"Tatort: ​​The Victim": How good is the new Berlin thriller?

The Berlin "Tatort: ​​The Victim" (December 18, 8:15 p.

"Tatort: ​​The Victim": How good is the new Berlin thriller?

The Berlin "Tatort: ​​The Victim" (December 18, 8:15 p.m., the first) marks the first solo crime thriller by Commissioner Robert Karow (Mark Waschke, 50). Although he's not on duty this time, he's still dealing with a murder case during his "special leave".

After the death of his colleague Nina Rubin (Meret Becker, 53), Robert Karow is investigating solo in this case: a man of Karow's age is found dead in a wooded area. He died from a shot in the head. Everything at the crime scene points to a milieu execution, as Karow immediately states, although he is not responsible for the case. But Karow knows the dead man, Maik Balthasar (Andreas Pietschmann, 53), from his youth and finds out that he was an undercover agent.

Maik worked for Mesut Günes (Sahin Eryilmaz, 38), a well-known Berlin nightclub owner who is involved in numerous violent crimes, which, however, could never be clearly proven. Günes' fingerprints are found on the murder weapon. Prosecutor Sara Taghavi (Jasmin Tabatabai, 55) finally sees her chance to bring Günes to justice. However, he denies the murder. To the public prosecutor's annoyance, Karow is not satisfied with the obvious circumstantial evidence.
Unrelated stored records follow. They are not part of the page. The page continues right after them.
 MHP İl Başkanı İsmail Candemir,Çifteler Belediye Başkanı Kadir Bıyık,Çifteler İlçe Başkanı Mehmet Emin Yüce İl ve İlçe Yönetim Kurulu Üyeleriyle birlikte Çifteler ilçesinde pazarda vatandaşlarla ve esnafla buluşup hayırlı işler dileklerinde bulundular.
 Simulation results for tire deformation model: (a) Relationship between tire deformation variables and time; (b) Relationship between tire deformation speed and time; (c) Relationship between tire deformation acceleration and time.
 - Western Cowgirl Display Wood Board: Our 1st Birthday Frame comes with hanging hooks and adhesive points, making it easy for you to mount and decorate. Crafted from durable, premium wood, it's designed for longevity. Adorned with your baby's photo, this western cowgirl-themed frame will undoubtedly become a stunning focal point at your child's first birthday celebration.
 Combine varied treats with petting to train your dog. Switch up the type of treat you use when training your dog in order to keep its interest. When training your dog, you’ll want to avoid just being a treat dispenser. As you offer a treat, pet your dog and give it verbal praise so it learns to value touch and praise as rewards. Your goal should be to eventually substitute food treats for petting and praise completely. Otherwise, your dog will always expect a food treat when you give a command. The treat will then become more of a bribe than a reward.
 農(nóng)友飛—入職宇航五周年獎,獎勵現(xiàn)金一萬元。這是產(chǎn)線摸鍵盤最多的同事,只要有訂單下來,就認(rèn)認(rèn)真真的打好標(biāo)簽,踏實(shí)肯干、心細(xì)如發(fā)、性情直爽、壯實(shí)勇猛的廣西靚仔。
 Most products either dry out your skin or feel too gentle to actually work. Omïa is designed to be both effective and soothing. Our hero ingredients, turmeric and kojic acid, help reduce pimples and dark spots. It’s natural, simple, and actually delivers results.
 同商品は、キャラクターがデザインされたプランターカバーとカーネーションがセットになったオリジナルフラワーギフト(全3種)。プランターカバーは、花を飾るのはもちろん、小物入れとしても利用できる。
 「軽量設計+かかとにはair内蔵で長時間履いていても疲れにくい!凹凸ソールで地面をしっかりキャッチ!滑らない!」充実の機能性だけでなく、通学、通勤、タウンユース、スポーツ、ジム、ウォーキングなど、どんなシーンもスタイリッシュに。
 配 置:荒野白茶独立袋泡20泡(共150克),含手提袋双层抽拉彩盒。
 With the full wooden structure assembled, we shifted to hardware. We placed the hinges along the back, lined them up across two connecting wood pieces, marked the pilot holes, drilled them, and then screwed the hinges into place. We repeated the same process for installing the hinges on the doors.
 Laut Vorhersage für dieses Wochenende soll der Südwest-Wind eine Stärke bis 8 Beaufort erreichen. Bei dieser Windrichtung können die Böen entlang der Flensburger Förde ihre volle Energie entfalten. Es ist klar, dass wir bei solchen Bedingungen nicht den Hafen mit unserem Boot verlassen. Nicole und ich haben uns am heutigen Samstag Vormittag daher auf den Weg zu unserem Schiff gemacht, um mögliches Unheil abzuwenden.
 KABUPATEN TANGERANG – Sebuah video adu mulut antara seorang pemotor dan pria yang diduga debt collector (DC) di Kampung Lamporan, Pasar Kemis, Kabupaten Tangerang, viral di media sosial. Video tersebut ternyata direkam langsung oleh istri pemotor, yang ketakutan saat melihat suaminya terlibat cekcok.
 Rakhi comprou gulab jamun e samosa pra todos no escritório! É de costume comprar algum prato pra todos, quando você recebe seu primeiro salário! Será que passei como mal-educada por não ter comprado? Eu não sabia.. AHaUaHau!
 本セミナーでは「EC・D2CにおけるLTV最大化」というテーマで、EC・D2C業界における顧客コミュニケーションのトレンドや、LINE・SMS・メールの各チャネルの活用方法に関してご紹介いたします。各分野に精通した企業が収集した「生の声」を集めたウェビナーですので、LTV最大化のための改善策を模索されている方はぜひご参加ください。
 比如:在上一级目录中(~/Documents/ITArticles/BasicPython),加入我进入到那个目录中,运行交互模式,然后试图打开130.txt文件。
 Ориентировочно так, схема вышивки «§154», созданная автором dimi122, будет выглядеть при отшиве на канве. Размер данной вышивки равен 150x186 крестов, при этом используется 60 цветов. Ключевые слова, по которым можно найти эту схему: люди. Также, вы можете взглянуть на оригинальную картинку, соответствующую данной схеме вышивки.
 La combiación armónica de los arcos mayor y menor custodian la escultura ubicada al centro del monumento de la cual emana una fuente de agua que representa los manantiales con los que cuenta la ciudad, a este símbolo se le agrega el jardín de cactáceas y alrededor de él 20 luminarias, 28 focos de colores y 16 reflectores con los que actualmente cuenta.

Although she instructs him to stay out of it, the inconsistencies in the case do not leave him alone.

In order to find out what really happened, he takes a vacation, moves undercover into Maik's apartment and follows in his footsteps. Camilla (Kim Riedle, 40), who works in Günes' club and knew Maik well, becomes his ally. More and more he slips into the role of the dead man and dives deeper and deeper into his own past...

Yes. Relatively at the beginning of the crime story, which is very exciting for long stretches, two small children put together a jigsaw puzzle. Similarly, the inspector tries to put the many individual parts together into one big whole - and with him the viewers. Maik Balthasar explains an important element in the film in one of the many flashbacks: "The rules in mafia-like structures are almost always the same around the world in all cultures: Everything is based on trust, respect, honor, strength and fear - macho bullshit. Stupid , but reliable."
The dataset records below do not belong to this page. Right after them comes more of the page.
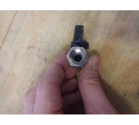 Воду на небольшом давлении держит. Обработано все хорошо. Нареканий по качеству резьбы нет. Шар перекрывает плотно. У винтика маленький шлиц, но не беда.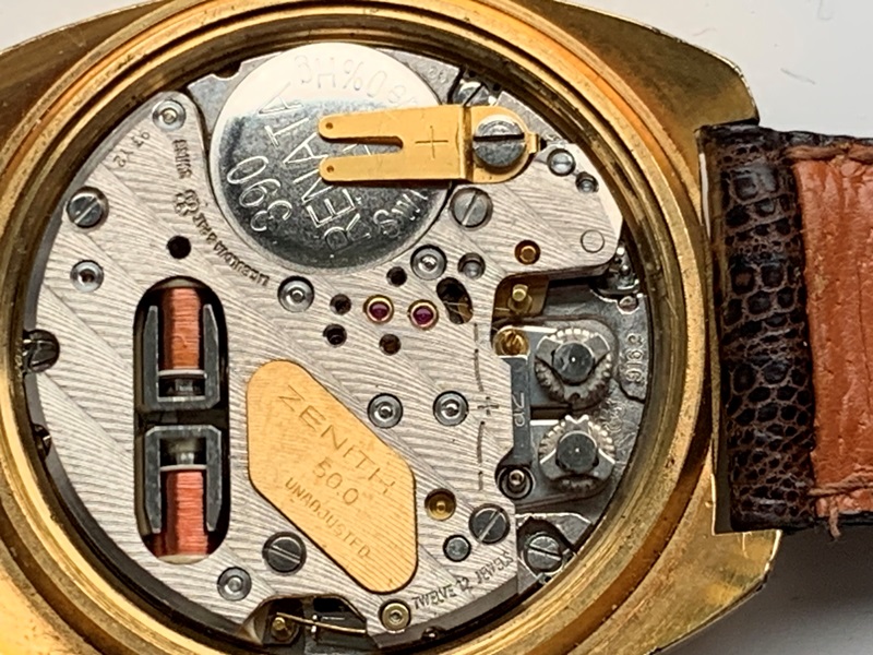 Zenith XL-Tronic electronic wristwatch circa mid 1970’s in gold plated case with stainless back. The Zenith 50.0 movement was licensed by Bulova and patented by ESA. observe movement. Photos are magnified and show details not seen by naked eye, the case measures 36 mm across (not including crown) x 40 mm lug to lug.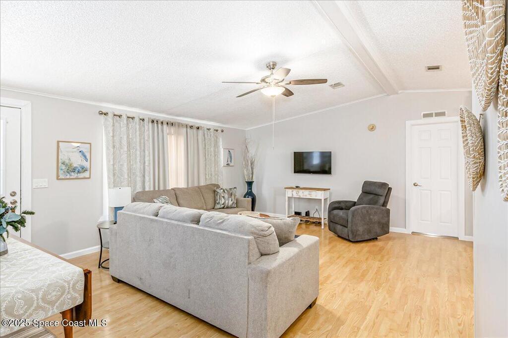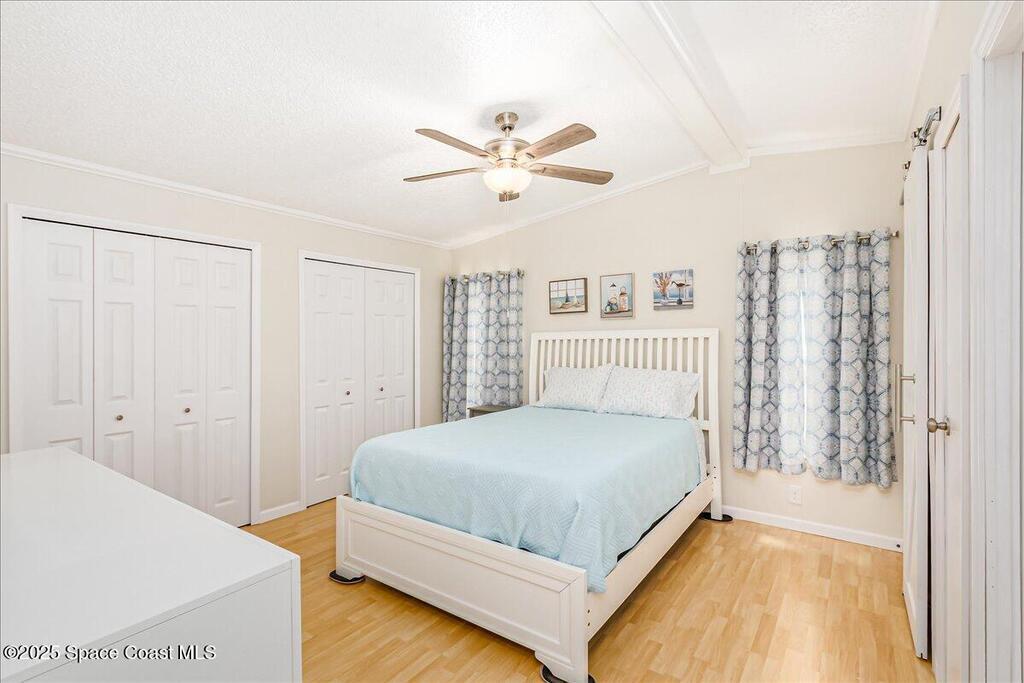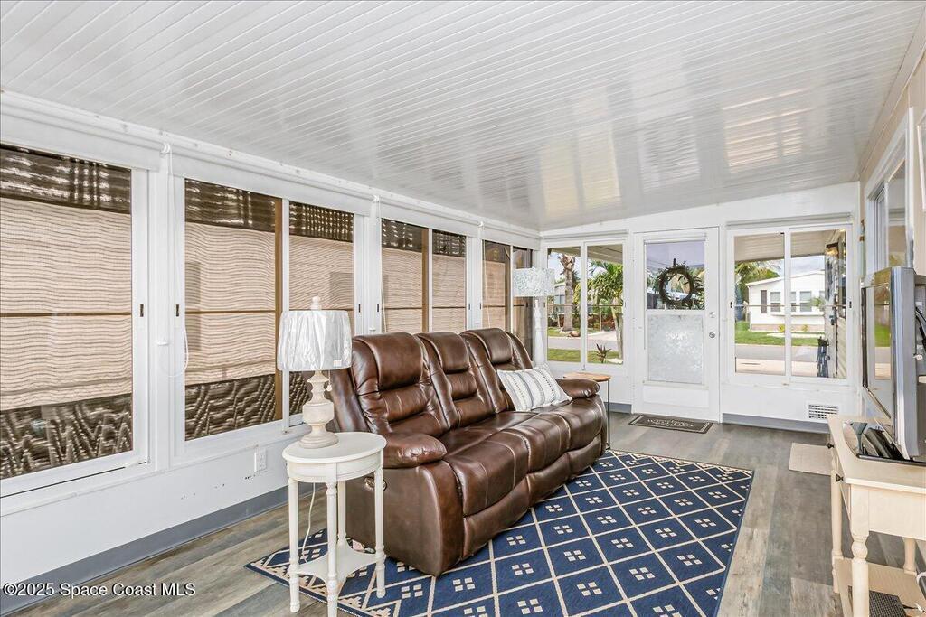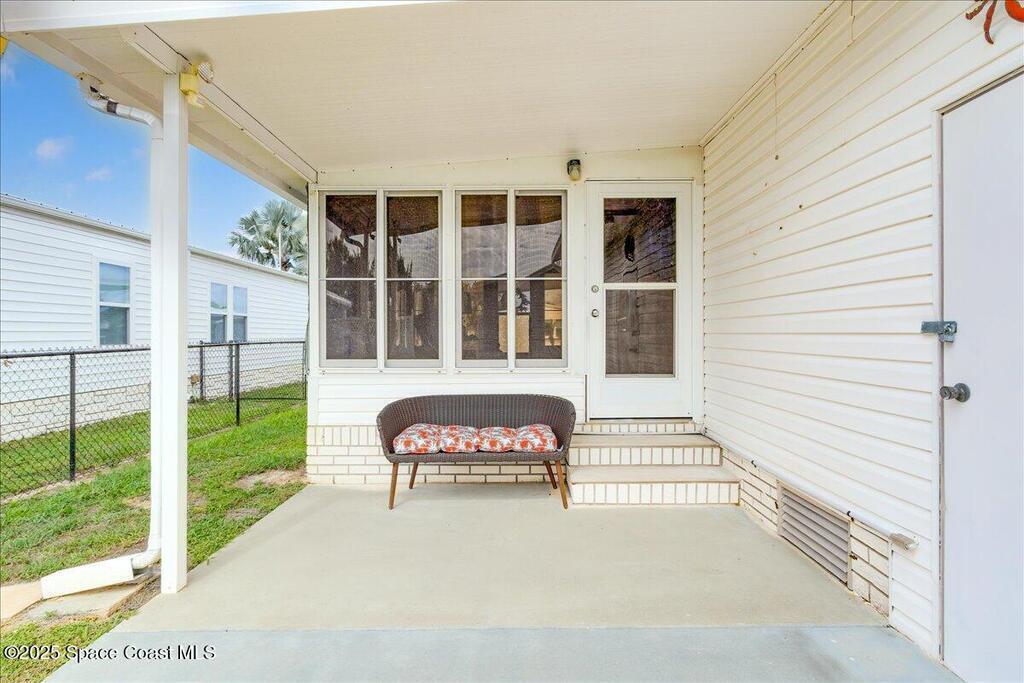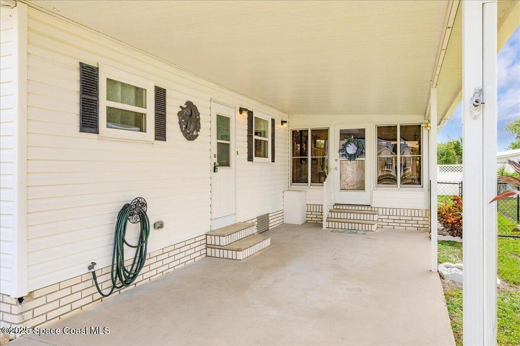 Beautifully maintained and updated 2-bedroom, 2-bathroom home featuring a spacious split floor plan. This charming residence has stainless steel appliances, granite countertops, and a tiled walk in shower in the owner's suite. Enjoy the air-conditioned Florida room, perfect for relaxing or entertaining. Recently installed impact-rated windows provide added security and peace of mind. The home boasts a new metal roof and a new A/C system for worry-free living (warranties are transferrable). It is located within walking distance to one of the three pools. Enjoy all the amenities Barefoot Bay has to offer and make this lovely home yours today!Also, the home comes tastefully furnished. All of the furniture items have been bought within the last two years and are in excellent condition!

In further flashbacks, a lot is told about the childhood friendship between Karow and Balthasar. Since the opening episode of the Berlin team in 2015, the mostly selfish and ruthless investigator has not been seen so emotionally. "For me, what was special about this 'crime scene' was that the focus was not on a main role in the episode, but on the investigator himself. The case is also Karow and Karow is the case. The screenplay was both a thriller and a psychogram. That I found it extraordinary," enthuses director Stefan Schaller.

Not bad prerequisites for Karow's next Berlin crime phase, in which Corinna Harfouch (68) enters as Susanne Bonard, former LKA size and lecturer at the police academy. The two-part opening episode "Tatort: ​​Nothing but the truth" is scheduled to air in 2023. At the latest then we will know whether Karow gets along with her as well as with a person in "Tatort: ​​The Victim". With his new friendliness, he says about them: "In the top ten of the people I really like, you're in second place."

A small detail should not go unmentioned: Actor Andreas Pietschmann and his colleague Jasmin Tabatabai also really like each other in real life. The two live together with their two children (born 2009 and 2013) in Berlin.